=== COLLECTED MATERIAL ===
---+---

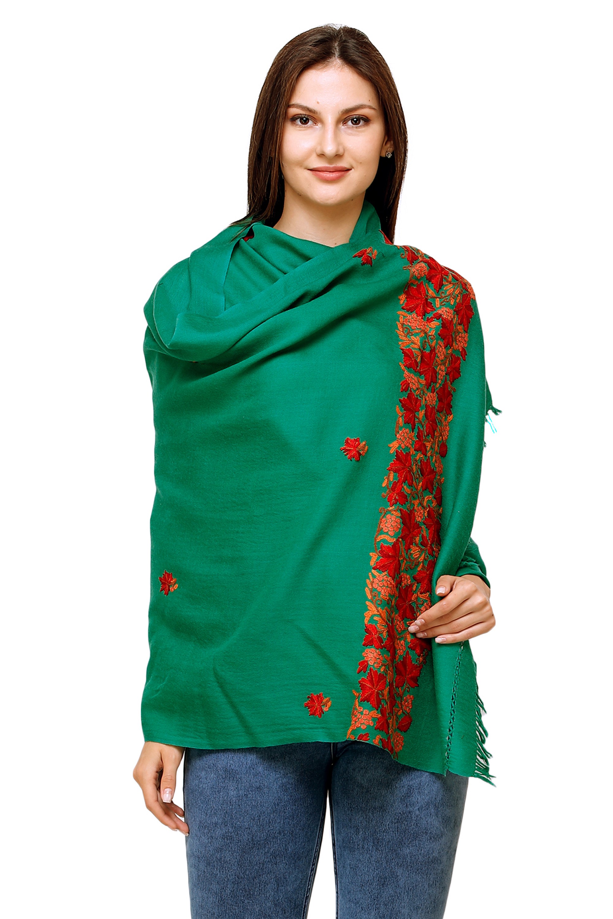 Greener-Pastures Kashmiri Stole with Aari-Hand Embroidered Giant Flowers
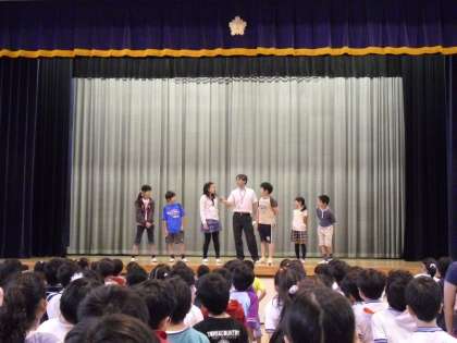 校庭が使用できないため、体育館で全校朝会を行いました。はじめに、6月15日(水)から二泊三日で川場移動教室に行く5年生に校長がインタビューしました。「川場村は群馬県にあります。」「1日目は、勤労体験学習としてさつまいもの苗を植えたり、夕食は飯ごう炊さんでカレーを作ったり、ナイトハイクをしたりします。」「鱒づかみの体験とカレーづくりが楽しみです」等、答えていました。
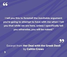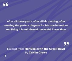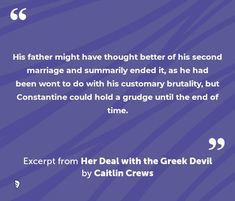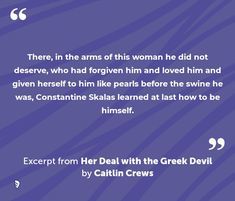 Caitlin Crews solidifies the latter point by writing a fabulous epilogue, set 10 years in the future, that allows me to see that the new and improved Constantine ( the domesticated faithful husband and father of 4 ), is here to stay.
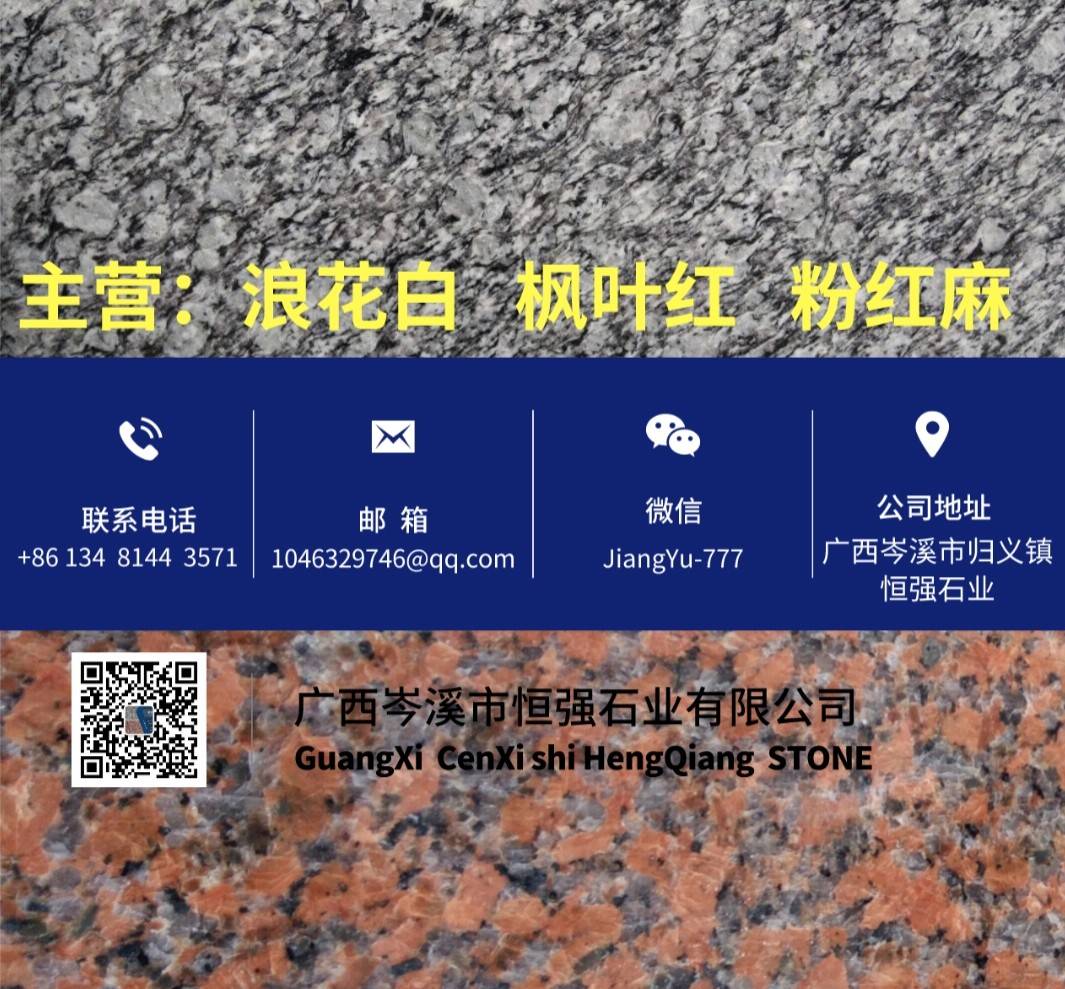 廣西岑溪市恒強石業(yè) 聯(lián)系人:蔣    134****3571 查看 134****3571 查看 主營范圍: 荒料、花崗巖加工、礦山、石材外貿(mào)、 企業(yè)地址:廣西岑溪歸義鎮(zhèn)恒強石業(yè)

---+---

=== TASK GOAL ===
Restate the listing word for word and drop the pictures.

=== TASK RESPONSE ===
 Greener-Pastures Kashmiri Stole with Aari-Hand Embroidered Giant Flowers
 校庭が使用できないため、体育館で全校朝会を行いました。はじめに、6月15日(水)から二泊三日で川場移動教室に行く5年生に校長がインタビューしました。「川場村は群馬県にあります。」「1日目は、勤労体験学習としてさつまいもの苗を植えたり、夕食は飯ごう炊さんでカレーを作ったり、ナイトハイクをしたりします。」「鱒づかみの体験とカレーづくりが楽しみです」等、答えていました。
 Caitlin Crews solidifies the latter point by writing a fabulous epilogue, set 10 years in the future, that allows me to see that the new and improved Constantine ( the domesticated faithful husband and father of 4 ), is here to stay.
 廣西岑溪市恒強石業(yè) 聯(lián)系人:蔣    134****3571 查看 134****3571 查看 主營范圍: 荒料、花崗巖加工、礦山、石材外貿(mào)、 企業(yè)地址:廣西岑溪歸義鎮(zhèn)恒強石業(yè)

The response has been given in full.